По дороге выяснилось, что Вася Кибиткин окончил полиграфический техникум и работал наладчиком линотипов. Хоть еще один профессиональный полиграфист появился. Правда, газету набирали вручную, линотипа  не было, но все же. Оказалось, что у Васи очки, как и у меня, шесть диоптрий.
Вася с удивлением узнал, что мы одного призыва.
—  А  я думал, что ты дед.
—  Какой дед пойдет на заготовку. А с чего ты решил, что я дед?
—  Ну, вижу,  морда заросла щетиной. Наверное, дед, на все уже положил.
На самом деле просто у меня борода очень быстро растет, хоть два раза в день брейся.
Столовую от типографии отделял забор, да деревянная одноэтажная казарма. Но через ограду не полезешь, поэтому ходили в обход. Вообще-то столовая  нашей дивизии очень далеко, и там плохо кормили. А в этой столовой питались “летуны”. Служили они на земле, солдаты-связисты летной части, поэтому погоны у них голубые.  Редактор договорился, чтобы мы ходили по соседству. Удалось ему это легко, бланки ведь всем нужны.
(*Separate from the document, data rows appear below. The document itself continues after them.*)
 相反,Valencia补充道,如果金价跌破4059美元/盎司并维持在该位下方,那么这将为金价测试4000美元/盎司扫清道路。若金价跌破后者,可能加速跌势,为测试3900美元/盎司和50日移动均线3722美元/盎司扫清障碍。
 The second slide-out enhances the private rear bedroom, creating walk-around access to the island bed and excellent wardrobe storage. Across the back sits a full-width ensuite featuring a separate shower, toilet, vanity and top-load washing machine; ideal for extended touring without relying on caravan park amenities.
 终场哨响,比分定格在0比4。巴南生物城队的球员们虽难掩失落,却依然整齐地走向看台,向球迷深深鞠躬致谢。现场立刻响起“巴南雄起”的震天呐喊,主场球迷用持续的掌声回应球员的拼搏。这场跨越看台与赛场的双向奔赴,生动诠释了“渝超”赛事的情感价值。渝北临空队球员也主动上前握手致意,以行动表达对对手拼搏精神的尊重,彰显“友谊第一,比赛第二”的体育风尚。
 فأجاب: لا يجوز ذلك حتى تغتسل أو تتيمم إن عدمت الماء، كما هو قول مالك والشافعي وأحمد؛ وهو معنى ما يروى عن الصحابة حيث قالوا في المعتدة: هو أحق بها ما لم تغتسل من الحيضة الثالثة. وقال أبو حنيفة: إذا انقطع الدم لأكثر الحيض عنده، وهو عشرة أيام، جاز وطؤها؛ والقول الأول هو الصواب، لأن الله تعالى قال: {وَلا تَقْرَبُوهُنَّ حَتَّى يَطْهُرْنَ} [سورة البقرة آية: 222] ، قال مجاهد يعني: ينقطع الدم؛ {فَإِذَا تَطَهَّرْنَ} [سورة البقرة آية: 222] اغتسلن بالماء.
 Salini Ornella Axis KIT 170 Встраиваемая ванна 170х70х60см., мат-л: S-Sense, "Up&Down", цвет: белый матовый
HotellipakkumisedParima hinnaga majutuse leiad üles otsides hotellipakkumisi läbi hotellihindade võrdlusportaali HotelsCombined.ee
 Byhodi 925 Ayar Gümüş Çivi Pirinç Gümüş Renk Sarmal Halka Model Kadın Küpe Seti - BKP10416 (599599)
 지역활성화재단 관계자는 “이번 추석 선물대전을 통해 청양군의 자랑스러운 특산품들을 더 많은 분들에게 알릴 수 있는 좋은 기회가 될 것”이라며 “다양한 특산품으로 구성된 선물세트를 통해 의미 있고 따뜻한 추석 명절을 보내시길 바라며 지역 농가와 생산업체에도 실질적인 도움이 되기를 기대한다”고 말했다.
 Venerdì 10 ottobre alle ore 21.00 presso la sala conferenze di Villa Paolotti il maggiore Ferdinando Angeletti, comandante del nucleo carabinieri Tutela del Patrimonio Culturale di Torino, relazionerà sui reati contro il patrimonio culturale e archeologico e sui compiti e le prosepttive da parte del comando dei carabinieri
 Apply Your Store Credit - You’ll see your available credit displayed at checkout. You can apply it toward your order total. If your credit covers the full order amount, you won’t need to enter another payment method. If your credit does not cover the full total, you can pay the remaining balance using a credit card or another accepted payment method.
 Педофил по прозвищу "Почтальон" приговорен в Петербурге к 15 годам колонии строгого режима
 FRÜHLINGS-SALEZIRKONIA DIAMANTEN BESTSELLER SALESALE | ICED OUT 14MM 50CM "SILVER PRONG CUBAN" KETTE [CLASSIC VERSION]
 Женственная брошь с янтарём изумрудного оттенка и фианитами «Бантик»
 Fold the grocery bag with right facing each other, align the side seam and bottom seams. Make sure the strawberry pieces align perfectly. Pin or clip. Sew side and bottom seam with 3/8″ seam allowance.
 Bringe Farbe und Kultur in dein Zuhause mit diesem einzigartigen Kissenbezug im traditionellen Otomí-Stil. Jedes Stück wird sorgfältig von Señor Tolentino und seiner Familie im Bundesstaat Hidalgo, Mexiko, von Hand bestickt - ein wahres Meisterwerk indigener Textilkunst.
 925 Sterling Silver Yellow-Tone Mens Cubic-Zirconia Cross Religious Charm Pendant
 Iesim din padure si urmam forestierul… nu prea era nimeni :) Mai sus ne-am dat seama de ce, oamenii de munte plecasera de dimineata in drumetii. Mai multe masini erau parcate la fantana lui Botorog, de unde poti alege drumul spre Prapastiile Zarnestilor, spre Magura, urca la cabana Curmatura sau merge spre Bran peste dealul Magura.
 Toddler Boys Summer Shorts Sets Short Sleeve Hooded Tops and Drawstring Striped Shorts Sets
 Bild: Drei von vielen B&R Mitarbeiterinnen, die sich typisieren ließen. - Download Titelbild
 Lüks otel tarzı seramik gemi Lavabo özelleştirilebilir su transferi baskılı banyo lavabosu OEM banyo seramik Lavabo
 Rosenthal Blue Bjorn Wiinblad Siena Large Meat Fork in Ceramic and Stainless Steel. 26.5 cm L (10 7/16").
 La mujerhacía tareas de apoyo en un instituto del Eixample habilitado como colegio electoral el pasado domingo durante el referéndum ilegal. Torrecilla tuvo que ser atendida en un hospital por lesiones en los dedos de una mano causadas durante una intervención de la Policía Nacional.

Мы с Васей накрыли стол, подошли остальные сослуживцы, познакомились с новым солдатом.
Когда вернулись из столовой, Вася, увидев приготовленные к отправке наши письма, поинтересовался, чье это письмо адресовано в Кемеровскую область. Я объяснил, что там родился  и окончил школу, после чего переехал в Ленинградскую область, откуда меня и призвали.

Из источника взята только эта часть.